Training Neural Networks
Training a neural network on an training example \((\textbf{x}, \textbf{y})\) involves tweaking all the weights and biases \(\textbf{W}_i, \textbf{b}_i\) so that output of the model on the input \(\textbf{x}\) matches the label \(\textbf{y}\). In order to do this, we first need a measure of how off the model output is from the label. This is called the loss function, and cross entropy is typically used. Cross entropy loss calculates how different two probability distributions are. In our case, the two distributions are the true label and softmaxed model output. Softmax is a function that converts a vector into a probability distribution. More formally, the per-example cross entropy loss is given by \(\ell(\textbf{x}, \textbf{y})\) and given a batch of training examples \( B = \{(\textbf{x}^{(1)},\textbf{y}^{(1)}), ..., (\textbf{x}^{(b)},\textbf{y}^{(b)})\}\), of size \(b\), the average loss is given by
\begin{equation} \mathcal{L}(B) = \frac{1}{b} \sum_{(\textbf{x},\textbf{y}) \in B} \ell(\textbf{x}, \textbf{y}) \end{equation}Training neural networks is done using gradient descent. This is an algorithm that allows us to find what values of \(\textbf{W}_i\) and \(\textbf{b}_i\) minimise the loss function i.e., which values for the parameters result in an output that matches the label. Gradient descent works as follows:
- Calculate the derivative of the loss with respect to the parameters (e.g. the gradient) \(\nabla_{\textbf{W}_i} \mathcal{L}(B)\) and \(\nabla_{\textbf{b}_i} \mathcal{L}(B)\).

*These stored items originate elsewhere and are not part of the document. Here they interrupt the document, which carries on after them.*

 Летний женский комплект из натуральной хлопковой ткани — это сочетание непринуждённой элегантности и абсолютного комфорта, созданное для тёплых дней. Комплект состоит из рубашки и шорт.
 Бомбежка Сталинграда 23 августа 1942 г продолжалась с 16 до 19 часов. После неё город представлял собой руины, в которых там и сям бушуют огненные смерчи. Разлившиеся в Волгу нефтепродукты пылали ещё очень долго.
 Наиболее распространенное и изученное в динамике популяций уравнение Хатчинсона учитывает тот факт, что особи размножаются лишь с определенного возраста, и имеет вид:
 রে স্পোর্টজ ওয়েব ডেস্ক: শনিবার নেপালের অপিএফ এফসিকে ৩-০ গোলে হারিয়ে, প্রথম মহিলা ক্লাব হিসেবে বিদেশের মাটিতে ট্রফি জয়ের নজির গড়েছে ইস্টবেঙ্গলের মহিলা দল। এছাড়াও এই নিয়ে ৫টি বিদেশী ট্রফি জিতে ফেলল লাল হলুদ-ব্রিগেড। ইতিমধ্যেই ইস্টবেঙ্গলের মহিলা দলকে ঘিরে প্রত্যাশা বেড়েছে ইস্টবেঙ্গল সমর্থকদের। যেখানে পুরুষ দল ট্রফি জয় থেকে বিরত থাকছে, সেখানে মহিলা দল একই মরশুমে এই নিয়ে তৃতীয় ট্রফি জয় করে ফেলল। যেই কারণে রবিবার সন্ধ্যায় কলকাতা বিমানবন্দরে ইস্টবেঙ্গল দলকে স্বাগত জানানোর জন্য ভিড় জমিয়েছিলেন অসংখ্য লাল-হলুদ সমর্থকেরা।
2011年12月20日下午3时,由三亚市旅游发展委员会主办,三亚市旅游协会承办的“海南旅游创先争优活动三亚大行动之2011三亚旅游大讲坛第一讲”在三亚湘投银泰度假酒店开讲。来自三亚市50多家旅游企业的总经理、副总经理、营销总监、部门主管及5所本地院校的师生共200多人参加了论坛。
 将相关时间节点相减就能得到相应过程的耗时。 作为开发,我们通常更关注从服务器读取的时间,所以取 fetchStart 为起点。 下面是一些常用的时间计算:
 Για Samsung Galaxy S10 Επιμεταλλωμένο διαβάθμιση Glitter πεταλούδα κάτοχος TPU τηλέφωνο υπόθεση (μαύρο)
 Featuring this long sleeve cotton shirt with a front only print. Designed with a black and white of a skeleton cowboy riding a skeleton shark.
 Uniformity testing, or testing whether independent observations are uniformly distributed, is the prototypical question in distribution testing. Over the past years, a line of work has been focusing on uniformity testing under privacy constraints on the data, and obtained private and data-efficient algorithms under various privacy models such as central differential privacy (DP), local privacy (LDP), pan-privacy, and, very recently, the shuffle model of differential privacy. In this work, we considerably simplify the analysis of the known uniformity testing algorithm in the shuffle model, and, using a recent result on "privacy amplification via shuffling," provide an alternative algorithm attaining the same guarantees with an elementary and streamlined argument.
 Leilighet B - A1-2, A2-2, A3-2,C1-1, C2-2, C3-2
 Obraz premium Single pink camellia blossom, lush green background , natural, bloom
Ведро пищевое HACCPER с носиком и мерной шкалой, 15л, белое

- Update the weights using gradient, \[\textbf{W}_i := \textbf{W}_i - \eta\nabla_{\textbf{W}_i} \mathcal{L}(B)\] \[\textbf{b}_i := \textbf{b}_i - \eta\nabla_{\textbf{b}_i} \mathcal{L}(B)\]
The variable \(\eta\) is the learning rate, and dictates how fast we want to descend down the gradient. Typically, a value less than 1 is chosen. Gradient descent repeats steps 1 and 2 iteratively until the loss function returns a value that is sufficiently small e.g. close to zero.